Changing from one structure to another after you’ve been in business awhile is possible, but there is paperwork and legal tasks to perform. These tasks may include transferring licenses and permits, dissolving the entity, registering with local and state agencies, and notifying the IRS, banks, credit unions, and vendors. Plus, you might need to hire an accountant and lawyer to ensure the change properly executed.
Here is a look at the most common ways to structure your business and their ramifications.
Types of Organizational Structures
In the United States, there are four main types of business structures:
- Sole proprietorship
- Limited liability, or LLC
Each has its pros and cons.
A sole proprietorship is the way many small businesses start because it is simple to get started. As the owner, it gives you complete control over the operations of the business. Many home-based businesses and one-person consultancies choose this, as well as small shops and retail and service-based firms.
With a sole proprietorship, you need to keep your records and pay the IRS with self-employment taxes. To reduce the burden of once a year tax payment, you can spread it out in four equal payments throughout the year, using estimated tax as your basis.
This structure does have limitations. You are afforded no safety net for liability, debt, and financial obligations, so your personal assets are at risk.
However, it has tax advantages, especially helpful in the early days of a business. You can use your business losses to offset other income since everything is reported on your personal tax return.
If you join up with a colleague to put together a business, your organizational structure is the partnership. There can be two or more people in the partnership, each with an equal share of both the net profits and the net losses.
Each partner reports his income on his personal IRS tax form and pays self-employment taxes. If the partnership gets sued, each partner is personally liable for debt and obligations, as well as the actions of each of the other partners.
LLCs and S Corps
Both LLCs and S Corps are hybrids of the corporation form of organizational structuring. A corporation is the most complex of all the types. Its biggest advantage is that any liabilities and obligations get borne by the corporation, not the individual owner. Corporations are taxed as separate legal entities at specific corporate tax rates. Individual states regulate corporations.

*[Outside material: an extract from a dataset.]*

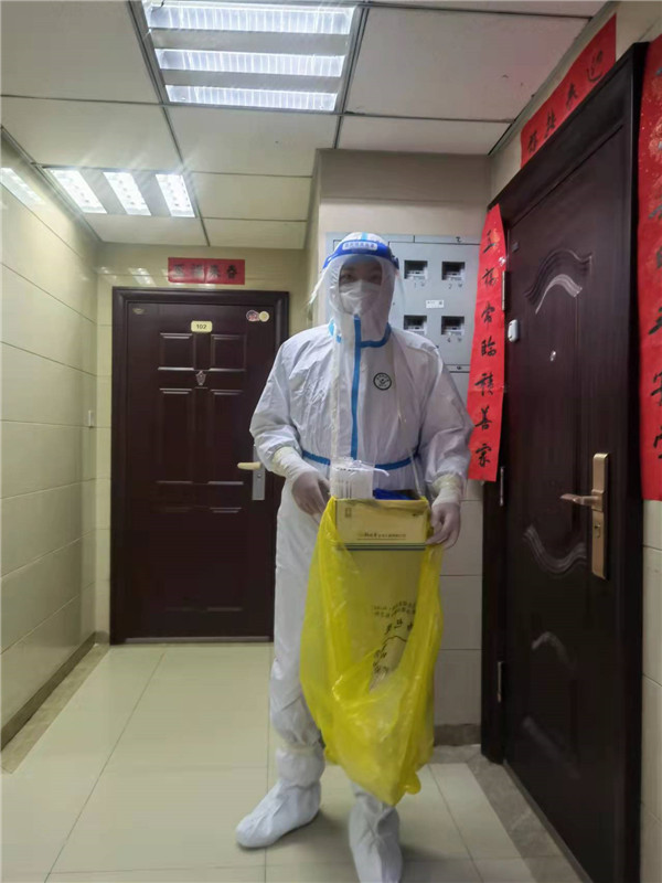 每天不知道要敲多少門,爬多少次樓的宋俊,用挨家挨戶的方式排查居民健康,對居民的需求第一時間上報給社區(qū),當夜晚疲憊的他卸下防護服的時候,手上臉上都是一條條無私奉獻的痕跡,疫情期間,他累計錄入人員信息4000余人次,分發(fā)蔬菜300余戶,在他看來,疫情就是命令,也是他身為一名黨員“為人民服務”的堅定信念,哪里有困難,哪里就有志愿者無私奉獻的身影。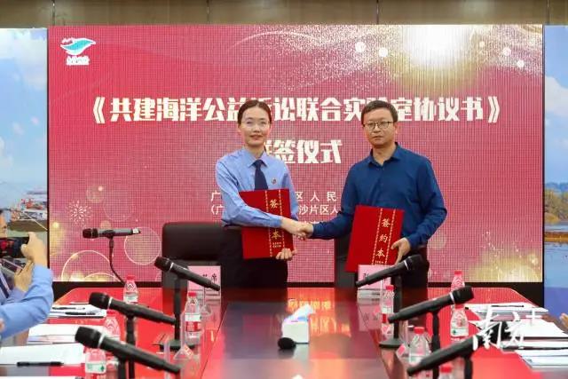 张宇筠代表广州市南沙区人民检察院(广东自由贸易区南沙片区人民检察院),与有关部门签订《共建海洋公益诉讼联合实验室协议书》

Limited liability corporations have become popular because they offer some protection in liability cases, as the name implies, just like a corporate structure does. With an LLC, even if you are the sole person in the business, you are viewed as a member of the company, not the owner. Some LLCs are partnerships.

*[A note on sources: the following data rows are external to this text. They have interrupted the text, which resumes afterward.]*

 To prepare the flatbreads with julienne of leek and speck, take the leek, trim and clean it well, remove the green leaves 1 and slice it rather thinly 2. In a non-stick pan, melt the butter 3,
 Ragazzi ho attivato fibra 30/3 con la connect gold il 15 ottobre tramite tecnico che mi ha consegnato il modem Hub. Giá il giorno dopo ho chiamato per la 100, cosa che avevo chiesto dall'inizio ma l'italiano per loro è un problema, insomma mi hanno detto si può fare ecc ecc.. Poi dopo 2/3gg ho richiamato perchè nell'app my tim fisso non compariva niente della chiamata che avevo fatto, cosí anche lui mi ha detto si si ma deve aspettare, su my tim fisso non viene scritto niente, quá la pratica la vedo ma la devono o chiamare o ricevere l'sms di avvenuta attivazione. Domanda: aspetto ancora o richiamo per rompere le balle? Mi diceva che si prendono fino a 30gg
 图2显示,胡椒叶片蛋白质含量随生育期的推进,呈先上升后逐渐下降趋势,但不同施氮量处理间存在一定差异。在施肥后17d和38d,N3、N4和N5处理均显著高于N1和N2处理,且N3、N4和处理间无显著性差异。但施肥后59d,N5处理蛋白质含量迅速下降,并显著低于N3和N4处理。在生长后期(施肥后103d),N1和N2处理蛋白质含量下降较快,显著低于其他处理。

With an LLC, both earnings and losses are passed through to the person who owns the business, who then includes them on their personal tax return.

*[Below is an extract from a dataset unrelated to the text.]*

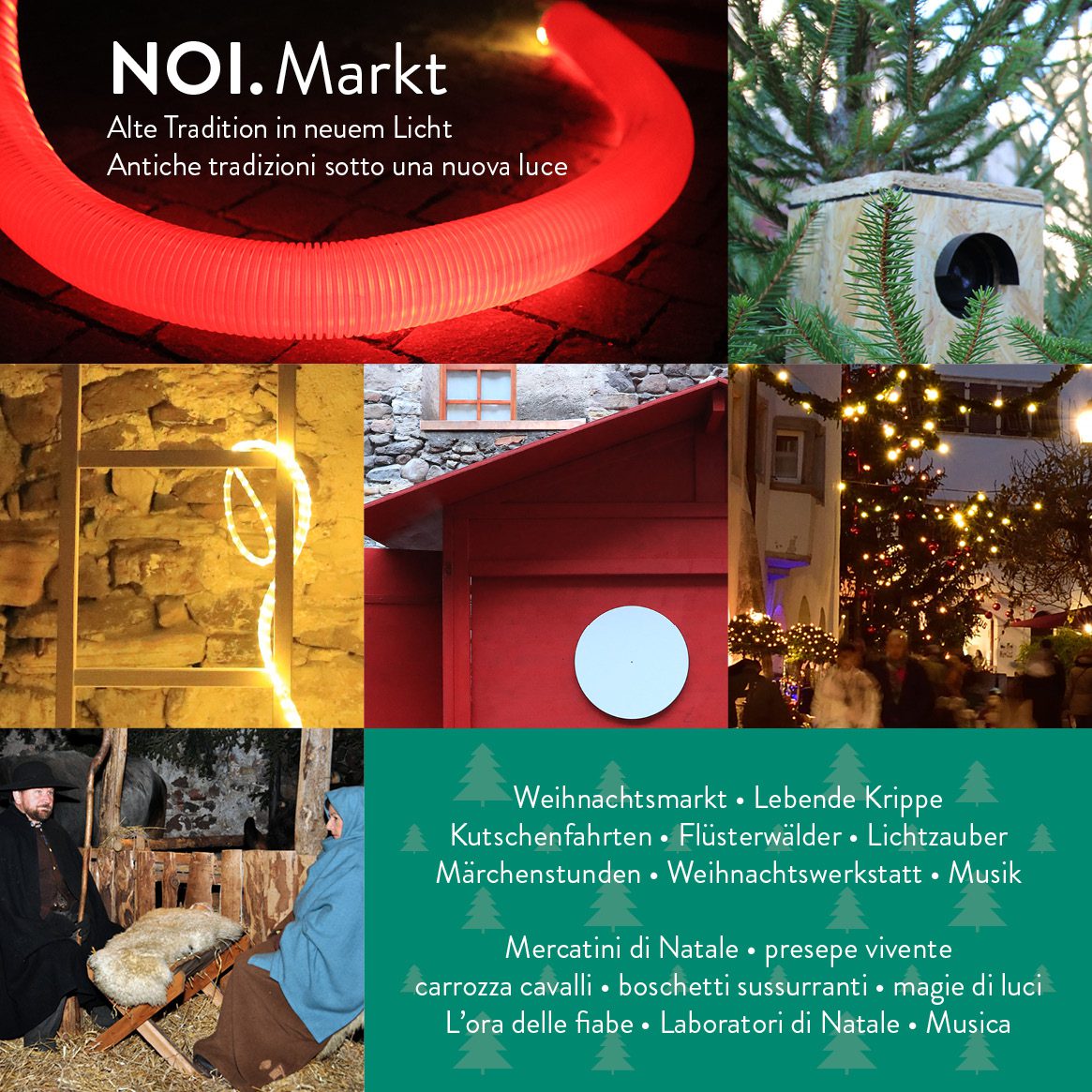 Dal 14 al 23 dicembre, il centro di Egna (Bolzano) sarà rivitalizzato da una speciale campagna natalizia con magie di luce, mercatini di Natale, carrozze trainate da cavalli, boschetti sussurranti, presepe vivente, laboratorio di Natale, l’Ora delle Fiabe, pista di pattinaggio, musica e molto altro. Neumarkt Egna Marketing in collaborazione con l’Arch. Manfred Eccli ha sviluppato un piccolo e innovativo concetto che stimola più sensi contemporaneamente e combina il vecchio con il nuovo in modo entusiasmante. L’intero concetto è caratterizzato da “incontro e connessione“, i due termini che sono al centro di questa campagna natalizia. Un Natale per ammirare, ascoltare, osservare, sperimentare e incontrare.

Subchapter S corporations, usually called S corps, can pass both losses and income on to their shareholders. This gives them a legal avenue to avoid paying federal income taxes, eliminating the chance of double taxation of the profits of the corporation.
It is wise to ask an accountant or lawyer for input as to which structure will work best for your business and the future you envision for it. As your business grows and its needs change, rest assured though that your business structure can most likely be altered to meet these changes. Many startup businesses begin as a sole proprietorship or partnership and grow into an LLC or corporation.